From my view it hinges on a few key pieces

  1. What does Aaron Rodgers performance look like?
  2. How do the GB Packers do in terms of playoffs?
  3. How does Jordan Love look?

These items are certainly intertwined and a significant high/low outcome for any can influence the decision

1.  I am not expecting 2020 MVP level play.  Regression is probably more likely.  Something like 67% completion, 4000 yards, 35 TD 5 INT 100 passer rating.  If it drops to more like Cousins/Stafford/Tannehill, it would be hard to pay $40M in 2022 for that 

2.  GB probably needs to make a deep playoff run and NFCCG at the least.  Feels like it is superbowl or bust given the 2022 cap set up.  Now, where the success comes from, is it the D and running game, or is it more on Rodgers certainly could swing the stats  vs the end results.  Does a team that gets deep into the playoffs think paying Rodgers $40M when the D and running game were responsible for the deep run?

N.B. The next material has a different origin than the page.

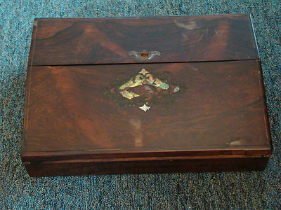 LONDON TOULMIN & GALE ROSEWOOD LAPDESK CIRCA 1850 WITH INK WELL ~NEEDS REPAIR~

3.  Does Jordan Love have the ability to play like a Cousins/stafford/Tannehill and rely on the rest of the roster in addition to the possible additions in players/pick assets from a Rodgers trade and cap savings?  

 

I think in the end, there is around a 5-10% chance Rodgers is back in 2022.  It would take a combination of 
1.  top 3-5 level QB play to reflect the salary
2.  Superbowl appearance and Rodgers being a key reason why that type of run is made
3.  Love is viewed as not ready to be a QB that could guide a team on a deep playoff run.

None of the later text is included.